Hell Ride (2008)

Movies like Hell Ride exist because some people, like writer, director, and star Larry Bishop, can’t give up the past. Here, he plays the president of a motorcycle gang, Pistolero, although which one was lost on me. I have up caring pretty early on, to be honest. He’s around the age of 60, and so are most of his colleagues. Bishop has been in biker movies before, all the way back to the late ’60s, and seems to want to recapture the fun he had during that time.

The basic gist of the plot goes something like this: There is another gang that is not led by Pistolero, and therefore it’s bad. Oh, there’s been conflict between them for over 30 years — the constant, annoying, pointless, and confusing flashbacks ensure this — but now is the time to finally end things.

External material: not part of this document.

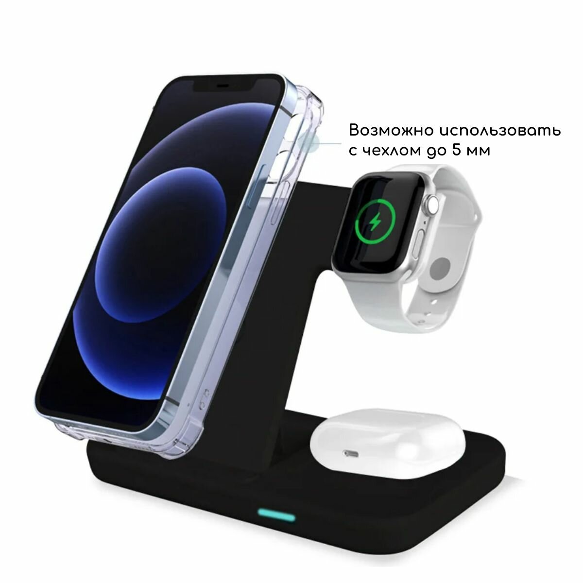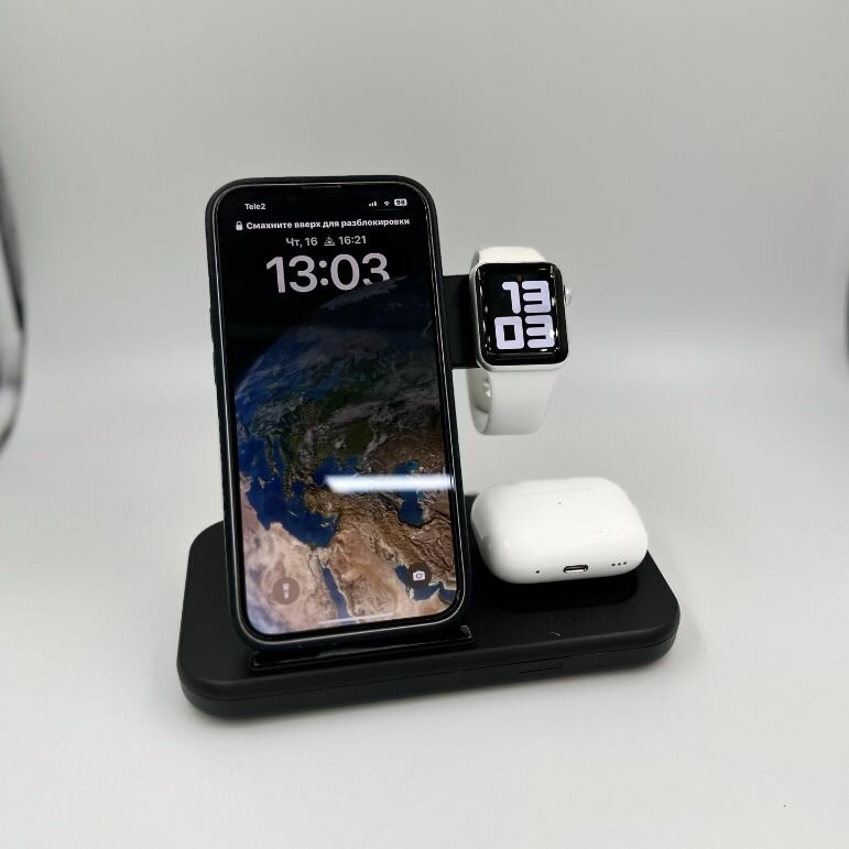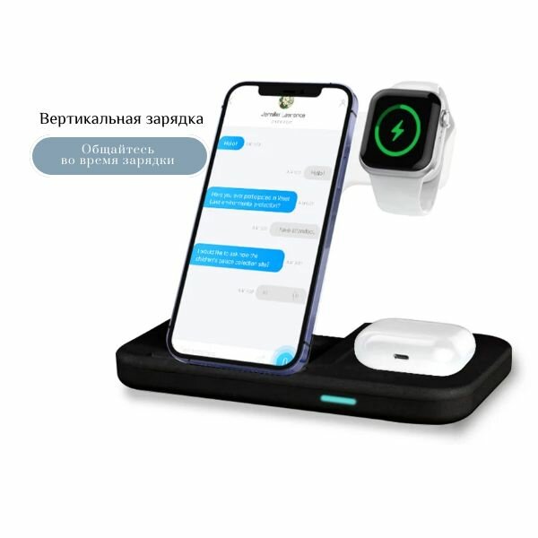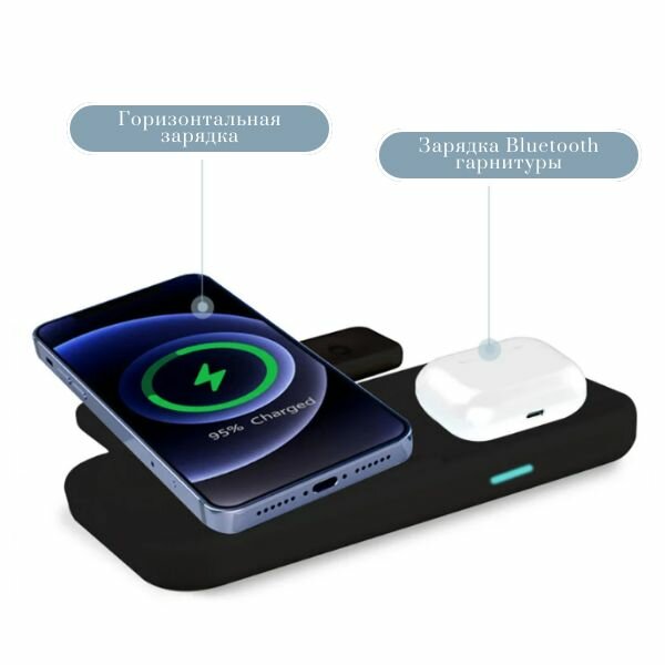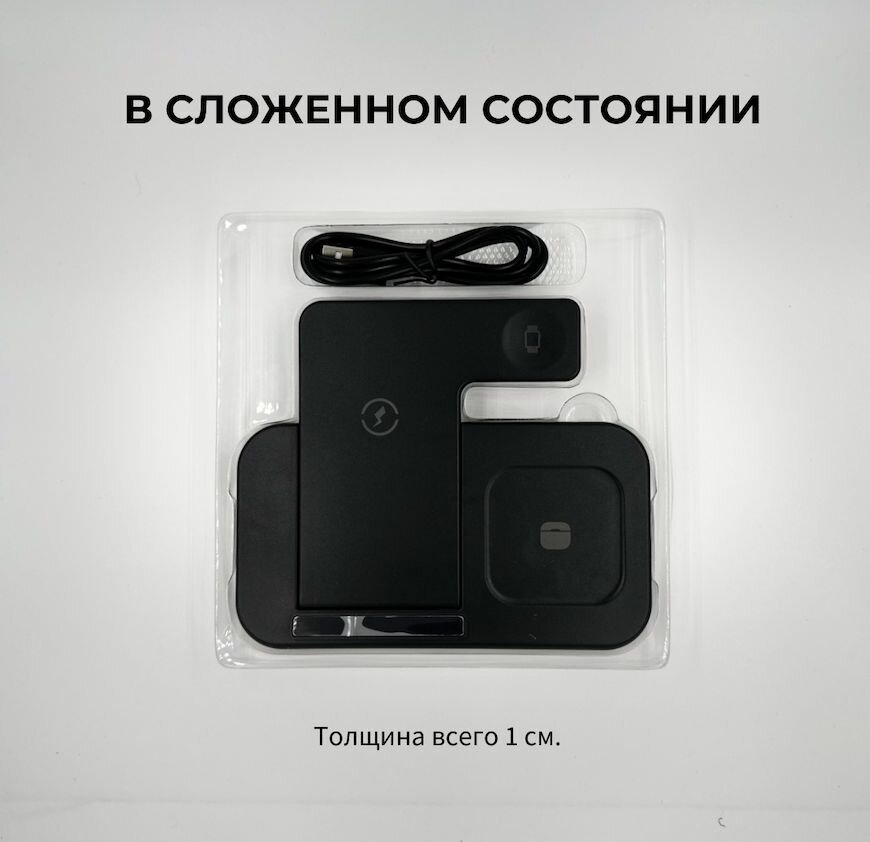 Док-станция с быстрой зарядкой Rohs 2.6-15W(QC), 3 в 1 для телефонов, наушников и часов. Цвет черный интересное:

I’m sure there are reasons behind that decision, but ignoring the inane dialogue in a movie like this is generally for the best. Essentially, Larry Bishop gets to live out a fantasy for not even 90 minutes, while also pretending to give us an insightful parody and an homage to the biker films of the ’70s.

I say “pretending” because that seems to be more a ruse than anything else. Nobody here seems to want to do anything that’s genuinely insightful; they’re making a junky movie and that’s that. The claim can be made that the people behind it are more clever than they’re portrayed by their final product, but I’m not seeing it. You don’t make a film this bad and then claim that it was intentionally this way. The Room creator Tommy Wiseau claims that his film was supposed to be that funny. Do you believe him?

It might not be completely fair to compare Hell Ride to The Room, especially because the former at least has enough nudity and violence to keep a male audience member’s attention, but both films are beyond awful and on a second viewing, I’d pick The Room simply because it’s funnier. Hell Ride tries to be funnier, and tries to be more interesting, but it fails at almost every conceivable point.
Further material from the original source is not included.